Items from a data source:

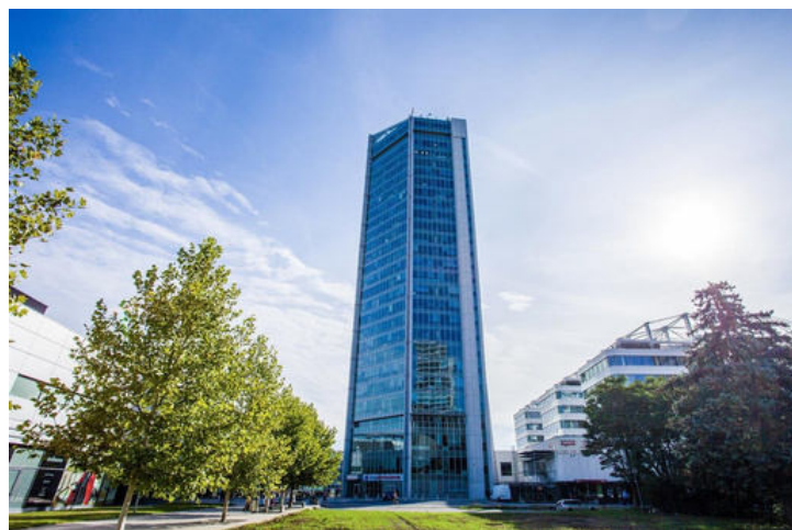
Budova City Empiria, Praha

KONCERN E-FINANCE, A.S. JE INVESTIČNÍ REALITNÍ SKUPINOU PŮSOBÍCÍ NA ČESKÉM TRHU JIŽ OD ROKU 2001. PORTFOLIO DOKONČENÝCH A PRONAJÍMANÝCH NEMOVITOSTÍ SKUPINY E-FINANCE, A.S. DLE ZNALECKÝCH POSUDKŮ JIŽ PŘESAHUJE HODNOTU 1,6 MILIARD KORUN. HODNOTA VŠECH REALITNÍCH PROJEKTŮ VČETNĚ TĚCH, KTERÉ JSOU V PŘÍPRAVĚ A VÝSTAVBĚ, PŘESAHUJE HODNOTU 2,2 MILIARDY KORUN.
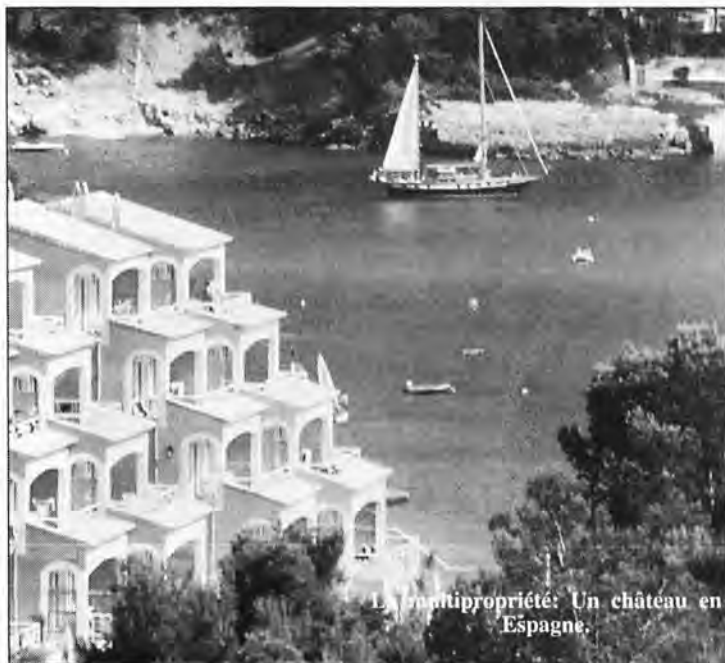
La multipropriété: Un château en Espagne.
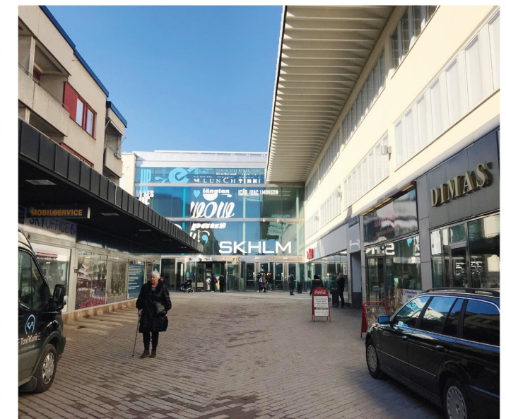
9. Bredholmsgången. Köpcentrumets sydvästra entré.
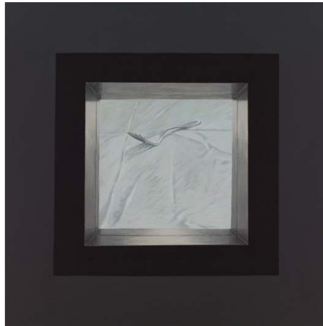
Serie ventanas de la memoria Mixta sobre lienzo tintado 70 x 70 cm 2021
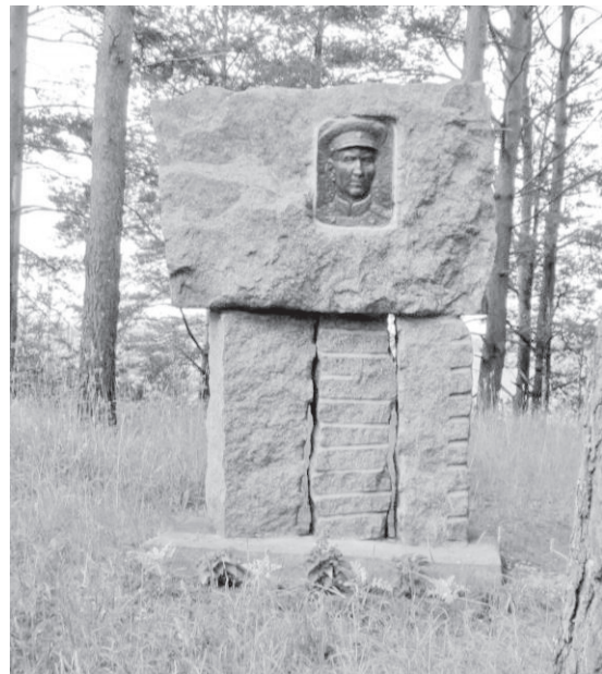
Tankilahingu ja kindralmajor Potapovi mälestus- märk Tamsa Kindralimäel
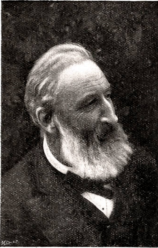
Oberst Rudolf von Sinner.

internationalen Gewehrmatches auf 300 Meter ist folgendes: An erster Linie steht die Schweiz mit 4399 Punkten (Schützen: Bökli, Kellenberger, Stäheli, Grütter und Richardet). Dann folgen: 2. Norwegen mit 4290, 3. Frankreich mit 4278, 4. Dänemark mit 4255, 5. Holland mit 4221 und 6. Belgien mit 4166 Punkten. Das beste Gesamtergebnis erreichte Kellenberger (Schweiz) mit 930 Punkten. Im Stehendsschießen war Erster Madison (Dänemark) mit 305, im Knieendsschießen Stäheli (Schweiz) mit 324 und im Liegendsschießen Paroche (Frankreich) mit 332 Punkten. Der beim internationalen Revolver-Wettsschießen in Paris als Meisterschütze der Welt proklamierte Konrad Rüdeler in St. Gallen ist aus Trogen gebürtig, und der beim internationalen Gewehr-Wettsschießen ebenfalls als Meisterschütze der Welt proklamierte Emil Kellenberger ist Bürger von Walzenhausen.
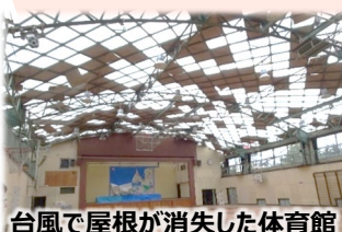
台風で屋根が消失した体育館
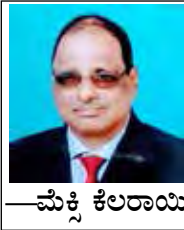
— ಮೆಕ್ಸಿಕೊ ಕೆಲರಾಯಿ

ತಸಲ್ಯಾ ಸಂದರ್ಭಾಂನಿ "ಅಯ್ಯೋ ಆಪುಣ್ ಪಡೊನ್ ಉರುಲ್ಲಾಂನಿ ಹಾಸೊಂಕ್ ಜಾಂವ್ಬರಿಂ ಜಾಲೆಂ ನೇ ಮ್ಹಣ್ ಬೆಜಾರಾಯೆನ್ ರಾಂವ್ಚಾ ಬದ್ಲಾಕ್ ವೆಗ್ಗಿಂಚ್ ಸುಧಾರ್ನ್ ಉಟಿಂ ಬೊರೆಂ ನೇ" ಮ್ಹಣಾಲೊ. ಅಸಲೆಂಚ್ ಏಕ್ ಘಡಿತೆ ಕ್ರಿ.ಶ. ಧಾ-ವ್ಯಾ ಶತಮಾನಾಂತ್ ಇಂಗ್ಲೆಂಡಾಂತ್ ಘಡ್ಲೆಂ. ತವಳ್ಚೊ ರಾಯ್ ವಿಲಿಯಮ್ ದಿ ಕಾನ್ಸರಾರಾನ್ ಹೇಸ್ಪಿಂಗ್ ಶಹರಾಚೆರ್ ಧಾಡ್ ಘಾಲಿ. ತೊ ಆಪ್ಲ್ಯಾ ಘಾವ್ಣೆಚಾ ಮುಖ್ಯಾನ್ ಮಾರ್ಗದರ್ಶನ್ ದೀವ್ನ್ಚ್ ವೆತಾಲೊ. ಎಕಾಚ್ಯಾಣ್ ತೊ ಪಾಂಯ್ ನಿಸರ್ನ್ ಪಡ್ಲೊ. ವೊಮೊಚ್ ಪಡ್ಲಾನ್ ಮುಖಮಳ್ ಆನಿ ಆಪ್ಣಾಚಿ ಹಾತ್ ಧರ್ಣಿಕ್ ಆಪ್ಲಾಲೆ. ಧರ್ಣಿಚಿ ಧುಳ್ ತಾಚಾ ಮುಖಮಳ್ ಆನಿ ಹಾತಾಂಕ್ ಲಾಗ್ಲಿ. ಇಂಗ್ಲೆಂಡಾಚಾ ಲೊಕಾಕ್ ತಿಕ್ಕೆ ಫಿತಿಪ್ಪಣಾಂ ಚಡ್ಚ್ಚ್ ಸೈನಿಕ್ ಸಗ್ಳೆ "ಅಯ್ಯೋ ಹೆಂ ಆಮ್ಕಾಂ ಬೊರೆಂ ನ್ಹಯ್. ರಾಯಾನ್ಚ್ ಪಡ್ಲೆಂ ಮ್ಹಳ್ಳಾರ್ ಕಿತೆಂ? ಮುಖಾರ್ ಜಾಂವ್ಚಿಂ ಸಲ್ವಣಿ ದಾಕೊವ್ನ್ ದಿಲ್ಲೆಂ ಪಾಡ್ ಘಡಿತೆ ಪಾಡ್ ಘಡಿತೆ ಹೆಂ. ಆಮಿಂ ಪಾಟಿಂ ವೆಚಿಂಚ್ ಬರೆಂ" ಮ್ಹಣ್ ಎಕಾಮೆಕಾ ಉಲಂವ್ಲಾಂ. ಹೆಂ ಆಯ್ಕಲ್ಯಾ ರಾಯ್ ವಿಲಿಯಮ್ಚ್ ಬರೆಂ ಲಾಗ್ಲೆಂ ನಾಂ. ಸಕಾರಾತ್ಮಕ್ ಚಿಂತ್ಪಾಚೊ
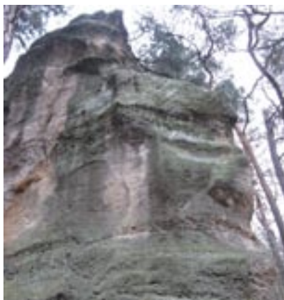
Mezi maloplošná zvláště chráněná území patří také Malesická skála.

V Plzeňském kraji je v současnosti 181 maloplošných zvláště chráněných území o celkové rozloze zhruba 11 tisíc hektarů. V dohledné době přibudou další. „Připravujeme například vyhlášení přírodní rezervace Rašeliniště u Políněk v okrese Plzeň-sever,“ říká Lenka Pivoňková.
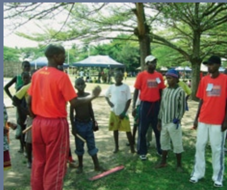
■ Animations sportives organisées dans le cadre des journées « Jeunesse-Sport-Paix » (décembre 2008, Burundi)
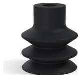
Référence déclinaison : 2 31NI A
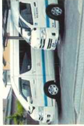
乗り合いタクシー (一般社団法人石巻市観光協会)
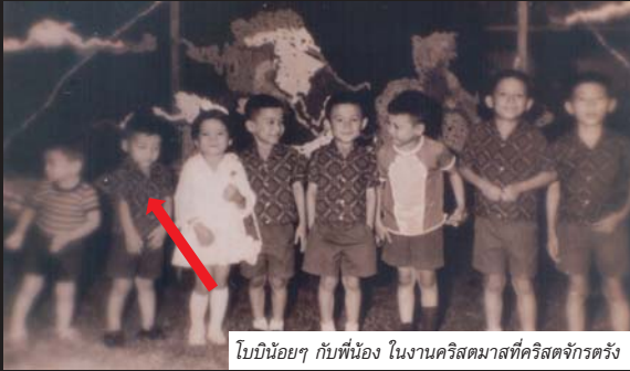
โบบีน้อยๆ กับพี่น้อง ในงานคริสต์มาสที่คริสตจักรตั้ง

แต่หน้าผากพาดผ่านหัวตาและจมูกขาดร่องแรงถึงริมฝีปาก แผลผมคงติดเชื้อ พอลออกจากโรงพยาบาล เลยเป็นไชนส์ล็อกเสกชั้นรุนแรงมาก ปวดตลอดเวลา

**Task goal**
No picture belongs in the answer; the rest of the records must be repeated exactly.

**Response for this exercise**
Budova City Empiria, Praha

KONCERN E-FINANCE, A.S. JE INVESTIČNÍ REALITNÍ SKUPINOU PŮSOBÍCÍ NA ČESKÉM TRHU JIŽ OD ROKU 2001. PORTFOLIO DOKONČENÝCH A PRONAJÍMANÝCH NEMOVITOSTÍ SKUPINY E-FINANCE, A.S. DLE ZNALECKÝCH POSUDKŮ JIŽ PŘESAHUJE HODNOTU 1,6 MILIARD KORUN. HODNOTA VŠECH REALITNÍCH PROJEKTŮ VČETNĚ TĚCH, KTERÉ JSOU V PŘÍPRAVĚ A VÝSTAVBĚ, PŘESAHUJE HODNOTU 2,2 MILIARDY KORUN.
La multipropriété: Un château en Espagne.
9. Bredholmsgången. Köpcentrumets sydvästra entré.
Serie ventanas de la memoria Mixta sobre lienzo tintado 70 x 70 cm 2021
Tankilahingu ja kindralmajor Potapovi mälestus- märk Tamsa Kindralimäel
Oberst Rudolf von Sinner.

internationalen Gewehrmatches auf 300 Meter ist folgendes: An erster Linie steht die Schweiz mit 4399 Punkten (Schützen: Bökli, Kellenberger, Stäheli, Grütter und Richardet). Dann folgen: 2. Norwegen mit 4290, 3. Frankreich mit 4278, 4. Dänemark mit 4255, 5. Holland mit 4221 und 6. Belgien mit 4166 Punkten. Das beste Gesamtergebnis erreichte Kellenberger (Schweiz) mit 930 Punkten. Im Stehendsschießen war Erster Madison (Dänemark) mit 305, im Knieendsschießen Stäheli (Schweiz) mit 324 und im Liegendsschießen Paroche (Frankreich) mit 332 Punkten. Der beim internationalen Revolver-Wettsschießen in Paris als Meisterschütze der Welt proklamierte Konrad Rüdeler in St. Gallen ist aus Trogen gebürtig, und der beim internationalen Gewehr-Wettsschießen ebenfalls als Meisterschütze der Welt proklamierte Emil Kellenberger ist Bürger von Walzenhausen.
台風で屋根が消失した体育館
— ಮೆಕ್ಸಿಕೊ ಕೆಲರಾಯಿ

ತಸಲ್ಯಾ ಸಂದರ್ಭಾಂನಿ "ಅಯ್ಯೋ ಆಪುಣ್ ಪಡೊನ್ ಉರುಲ್ಲಾಂನಿ ಹಾಸೊಂಕ್ ಜಾಂವ್ಬರಿಂ ಜಾಲೆಂ ನೇ ಮ್ಹಣ್ ಬೆಜಾರಾಯೆನ್ ರಾಂವ್ಚಾ ಬದ್ಲಾಕ್ ವೆಗ್ಗಿಂಚ್ ಸುಧಾರ್ನ್ ಉಟಿಂ ಬೊರೆಂ ನೇ" ಮ್ಹಣಾಲೊ. ಅಸಲೆಂಚ್ ಏಕ್ ಘಡಿತೆ ಕ್ರಿ.ಶ. ಧಾ-ವ್ಯಾ ಶತಮಾನಾಂತ್ ಇಂಗ್ಲೆಂಡಾಂತ್ ಘಡ್ಲೆಂ. ತವಳ್ಚೊ ರಾಯ್ ವಿಲಿಯಮ್ ದಿ ಕಾನ್ಸರಾರಾನ್ ಹೇಸ್ಪಿಂಗ್ ಶಹರಾಚೆರ್ ಧಾಡ್ ಘಾಲಿ. ತೊ ಆಪ್ಲ್ಯಾ ಘಾವ್ಣೆಚಾ ಮುಖ್ಯಾನ್ ಮಾರ್ಗದರ್ಶನ್ ದೀವ್ನ್ಚ್ ವೆತಾಲೊ. ಎಕಾಚ್ಯಾಣ್ ತೊ ಪಾಂಯ್ ನಿಸರ್ನ್ ಪಡ್ಲೊ. ವೊಮೊಚ್ ಪಡ್ಲಾನ್ ಮುಖಮಳ್ ಆನಿ ಆಪ್ಣಾಚಿ ಹಾತ್ ಧರ್ಣಿಕ್ ಆಪ್ಲಾಲೆ. ಧರ್ಣಿಚಿ ಧುಳ್ ತಾಚಾ ಮುಖಮಳ್ ಆನಿ ಹಾತಾಂಕ್ ಲಾಗ್ಲಿ. ಇಂಗ್ಲೆಂಡಾಚಾ ಲೊಕಾಕ್ ತಿಕ್ಕೆ ಫಿತಿಪ್ಪಣಾಂ ಚಡ್ಚ್ಚ್ ಸೈನಿಕ್ ಸಗ್ಳೆ "ಅಯ್ಯೋ ಹೆಂ ಆಮ್ಕಾಂ ಬೊರೆಂ ನ್ಹಯ್. ರಾಯಾನ್ಚ್ ಪಡ್ಲೆಂ ಮ್ಹಳ್ಳಾರ್ ಕಿತೆಂ? ಮುಖಾರ್ ಜಾಂವ್ಚಿಂ ಸಲ್ವಣಿ ದಾಕೊವ್ನ್ ದಿಲ್ಲೆಂ ಪಾಡ್ ಘಡಿತೆ ಪಾಡ್ ಘಡಿತೆ ಹೆಂ. ಆಮಿಂ ಪಾಟಿಂ ವೆಚಿಂಚ್ ಬರೆಂ" ಮ್ಹಣ್ ಎಕಾಮೆಕಾ ಉಲಂವ್ಲಾಂ. ಹೆಂ ಆಯ್ಕಲ್ಯಾ ರಾಯ್ ವಿಲಿಯಮ್ಚ್ ಬರೆಂ ಲಾಗ್ಲೆಂ ನಾಂ. ಸಕಾರಾತ್ಮಕ್ ಚಿಂತ್ಪಾಚೊ
Mezi maloplošná zvláště chráněná území patří také Malesická skála.

V Plzeňském kraji je v současnosti 181 maloplošných zvláště chráněných území o celkové rozloze zhruba 11 tisíc hektarů. V dohledné době přibudou další. „Připravujeme například vyhlášení přírodní rezervace Rašeliniště u Políněk v okrese Plzeň-sever,“ říká Lenka Pivoňková.
■ Animations sportives organisées dans le cadre des journées « Jeunesse-Sport-Paix » (décembre 2008, Burundi)
Référence déclinaison : 2 31NI A
乗り合いタクシー (一般社団法人石巻市観光協会)
โบบีน้อยๆ กับพี่น้อง ในงานคริสต์มาสที่คริสตจักรตั้ง

แต่หน้าผากพาดผ่านหัวตาและจมูกขาดร่องแรงถึงริมฝีปาก แผลผมคงติดเชื้อ พอลออกจากโรงพยาบาล เลยเป็นไชนส์ล็อกเสกชั้นรุนแรงมาก ปวดตลอดเวลา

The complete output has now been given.